PARTICLE ANALYZER SYSTEMS

A simple, affordable device is necessary to encourage more accurate particle analysis methods in order to verify relative accuracy and enjoy the benefits. One developed in the HOCKMEYER laboratory, The HPAS-2000 with MicroPart™, can do this by producing representative statistical data of the particle size distribution band of solids or solids dispersed in liquids.

The HPAS consists of a microscope, a digital camera, and a computer with custom software. After placing the sample under the microscope, multiple pictures are taken and analyzed for individual particle size. The particles are then bi-dimensionally classified, counted and graphed for final printout.

Alternatively, laser technology can offer three dimensional particle analyses, which may further enhance accuracy. Both two and three-dimensional measuring techniques are limited in their ability to accurately measure the size of a non-spherical particle. Most industrial particles measured are not spherical. Our observations have indicated only very minor differences in data generated between the two technologies. However, both offer quantum leaps in product quality predictability compared to a hand held grind gauge.

CORRELATION BETWEEN PARTICLE SIZE AND QUALITATIVE PROPERTIES.

Our research indicates a positive correlation between particle size and qualitative properties of the dispersion.

Controlling the dispersion by following a particle distribution band can be challenging.

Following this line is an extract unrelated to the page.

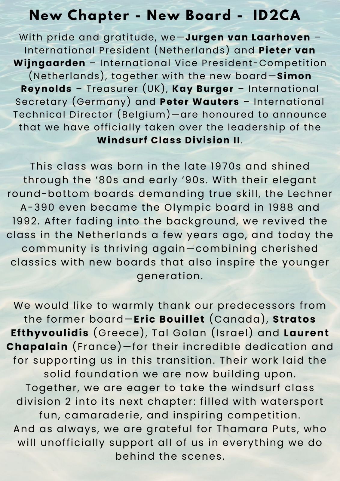 Congratulations from all the ID2CA members!

A wide variety of factors can influence the uniformity of the band but for the purpose of this discussion we shall segment into two broad areas and focus on the second.

Chemical: Instances where particles bond more or less intensely because of the influence of a foreign substance. Example: Coalescing and dispersing agents.
Mechanical: Instances where particles bond more or less intensely because of the influence of a foreign force. Example: Shear
Energy uniformly applied to a wide particle distribution band tends to narrow and shift the band as a function of time. The largest agglomerates break apart into smaller agglomerates and continue their down-sizing trend until the energy required to make them even smaller is no longer sufficient. An increase in energy input will continue the reduction trend until the next stabilization level is reached.

The continual addition of uniform energy input to the dispersion will challenge the ingenuity of the machinery designer to control the transfer of shear rate into shear stress without exceeding temperature and stress limitations of the dispersion.

Scale should be driven more by the measurable duplication of particle distribution band per unit of time (performance) and the avoidance of subjective variables. Laboratory equipment can be designed to duplicate production equipment using measurable baselines. Machine manufacturers can incorporate the common baseline of particle size distribution into the performance data on dispersion equipment using published, standardized formulas that can become universal performance standards.

Users should be educated in the proper techniques of scale. Equipment manufacturers can focus more on establishing uniform standards of scale and milling consistency rather than impressing users with the performance of a lab mill that cannot be duplicated in the factory. Users should not be left to determine what the manufacturer might have had in mind when the machinery was designed.

The standardization of measure via these new technologies will help companies compete in an ever more competitive industry. In particular, the incorporation of particle size analysis as a measure of quality and a basis for scale.